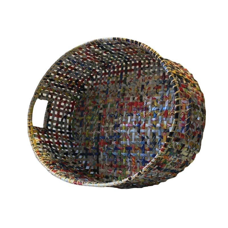 Each strip of reclaimed magazine paper is individually coiled and secured, creating a sturdy yet lightweight form rich in color, pattern, and layered detail. Because every basket is made from different printed materials, no two are ever identical — each carries its own subtle story.
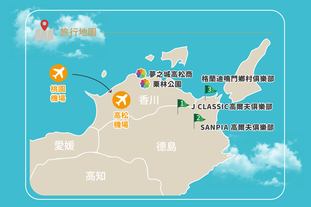 此行程是和塩江HYPER溫泉渡假村合作,由飯店負責第一天的舉牌接機,及第二三四天的球場至飯店的往返接送
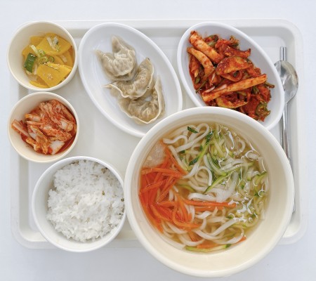칼국수 미니밥 오징어초무침 만두찜 단무지/주스 포기김치

━━━━━━━━━━

*PROBLEM REQUIREMENTS*
If a line holds a picture, skip the picture and transcribe the rest of the material exactly.

*TASK ANSWER*
 Each strip of reclaimed magazine paper is individually coiled and secured, creating a sturdy yet lightweight form rich in color, pattern, and layered detail. Because every basket is made from different printed materials, no two are ever identical — each carries its own subtle story.
 此行程是和塩江HYPER溫泉渡假村合作,由飯店負責第一天的舉牌接機,及第二三四天的球場至飯店的往返接送
칼국수 미니밥 오징어초무침 만두찜 단무지/주스 포기김치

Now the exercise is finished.